- Origin: Philadelphia, Pennsylvania, United States
- Genres: Soul, funk, disco
- Years active: 1971–1985
- Labels: TSOP, Casablanca, Mercury
- Past members: 1971–1973 Frankie Brunson David Thompson Darnell Jordan Johnnie Hightower Stanley Thomas Valerie Brown Marc Reed 1974–1983 Frankie Brunson Dave Thompson Guy Fiske Roger Andrews 1984–1985 Frank Brunson Marc Reed Clifton Gamble David Thomson Johnnie Hightower Bill Rodgers

= People's Choice (band) =

American funk band

People's Choice was an American funk band formed in 1971 in Philadelphia by Frank Brunson and David Thompson. While they had several vocalists, their biggest hits were instrumentals.

==Career==
Their debut single, "I Likes to Do It" on Phil-L.A. of Soul Records, got to #9 on the U.S. Billboard R&B chart and #38 on the Billboard Hot 100. A short time later Leon Huff saw People's Choice in concert, and told Brunson that he wished the group had recorded "I Likes to Do It" for Philadelphia International Records. Huff (without Kenny Gamble on this occasion) signed the group in 1974, and it was with him that they had another hit single with "Do It Any Way You Wanna", a Philly dance classic. It sold over one million copies in three months, and was awarded a gold disc by the R.I.A.A. in November 1975. This song was used in Fred Williamson's 1976 film Death Journey.

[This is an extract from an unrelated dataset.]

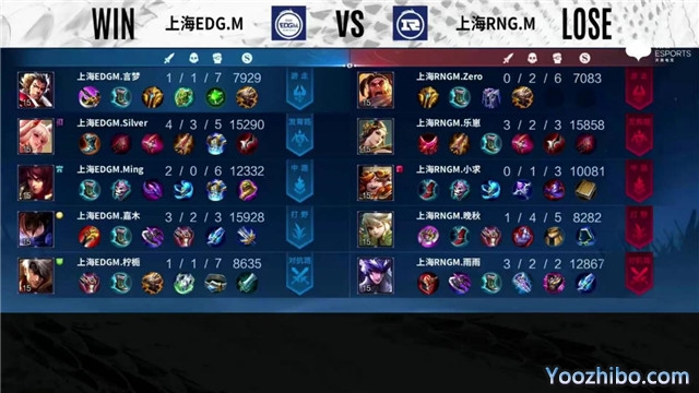 开局上海EDG.M上中换线,52秒野区吕布击杀橘右京拿下一血。2分04秒中路团战rng1换2。2分29秒野区上海RNG.M2换1,发育路射手互换血量,孙尚香被击杀。3分50秒上海EDG.M越塔追击,东皇太一被反杀。4分20秒上海RNG.M拿下暴君。5分01秒对抗路上海RNG.M打出1换2,5分23秒Roc中路二连击破,摧毁敌方中路外塔。6分18秒上海EDG.M击杀不知火舞。7分03秒上海EDG.M摧毁敌方发育路外塔,上海RNG.M摧毁敌方对抗路二塔,团战打出一波3换0。8分28秒上海EDG.M拿下主宰。9分43秒发育路上海EDG.M击杀不知火舞,野区上海RNG.M击杀赵云,双方打出一波1换1。10分36秒暗影暴君处团战上海RNG.M打出2换3。11分42秒上海EDG.M拿下暗影主宰,暗影暴君处团战上海RNG.M打出3换2,对抗路二塔被兵线摧毁。13分03秒上海EDG.M拿下暗影暴君。13分57秒中路上海EDG.M击杀张飞,发育路越塔击杀不知火舞,摧毁敌方发育路二塔。16分18秒上海EDG.M拿下暗影主宰,Roc四连超凡团灭对手,1换5摧毁水晶拿下比赛。

Brunson died on November 24, 2007, after a long illness.

Thompson died on June 3, 2025.

==Former members==
- Frank Brunson - keyboards, vocals (died on November 24, 2007, at age 78).
- David Thomson - drums (April 6, 1945 - June 3, 2025)
- Guy Fiske - guitar
- Roger Andrews - bass
- Marc Reed - vocals
- Clifton Gamble - piano, synthesizer
- Johnnie Hightower - guitar
- Bill Rodgers - piano, synthesizer
- Darnell Jordan - guitar
- Stanley Thomas - bass, vocals
- Valerie Brown - vocals

==Discography==
===Studio albums===

| Year | Title | Peak chart positions |  |  | Record label |
| US | US R&B | SWE |
| 1975 | Boogie Down U.S.A. | 56 | 7 | 45 | TSOP |
| 1976 | We Got the Rhythm | 174 | 38 | — |
| 1978 | Turn Me Loose | — | — | — | Philadelphia International |
| 1980 | People's Choice | — | — | — | Casablanca |
| 1982 | Still in Love with You | — | — | — | TPC |
| 1984 | Strikin' | — | — | — | Mercury |
"—" denotes a recording that did not chart or was not released in that territory.

===Compilation albums===
- Golden Classics (1996, Collectables)
- I Likes to Do It (2000, Jamie)
- Any Way You Wanna - People's Choice Anthology 1971-1981 (2017, BBR)

===Singles===

| Year | Title | Peak chart positions |  |  |  |  |  |  |
| US | US R&B | US Dan | BEL | CAN | NLD | UK |
| 1971 | "I Likes to Do It" | 38 | 9 | — | — | — | — | — |
| 1972 | "The Wootie-T-Woo" | — | — | — | — | — | — | — |
| "Magic" | — | — | — | — | — | — | — |
| 1973 | "Let Me Do My Thing" | — | 45 | — | — | — | — | — |
| 1974 | "Love Shop" | — | — | — | — | — | — | — |
| "Party Is a Groovy Thing" | — | 45 | — | — | — | 14 | — |
| 1975 | "Do It Any Way You Wanna" | 11 | 1 | 3 | 6 | 34 | 2 | 36 |
| "Nursery Rhymes (Part I)" | 93 | 22 | — | — | — | — | — |
| 1976 | "Here We Go Again" | — | 52 | 13 | — | — | — | — |
| "Movin' in All Directions" | — | 52 | — | — | — | — | — |
| 1977 | "Cold Blooded & Down-Right-Funky" | — | 83 | — | — | — | — | — |
| "If You Gonna Do It (Put Your Mind to It) (Part I)" | — | 76 | — | — | — | — | — |
| 1978 | "Jam, Jam, Jam (All Night Long)" | — | — | — | — | — | — | 40 |
| "Turn Me Loose" | — | — | — | — | — | — | — |
| "Rough-Ride" | — | — | — | — | — | — | — |
| 1980 | "My Feet Won't Move, But My Shoes Did the Boogie" | — | 77 | — | — | — | — | — |
| "You Ought to Be Dancin'" | — | — | 8 | — | — | — | — |
| 1981 | "Hey Everybody (Party Hearty)" | — | — | 80 | — | — | — | — |
| 1982 | "Still in Love with You" | — | — | — | — | — | — | — |
| 1984 | "Can't Get Enough of Your Love" | — | — | — | — | — | — | — |
"—" denotes a recording that did not chart or was not released in that territory.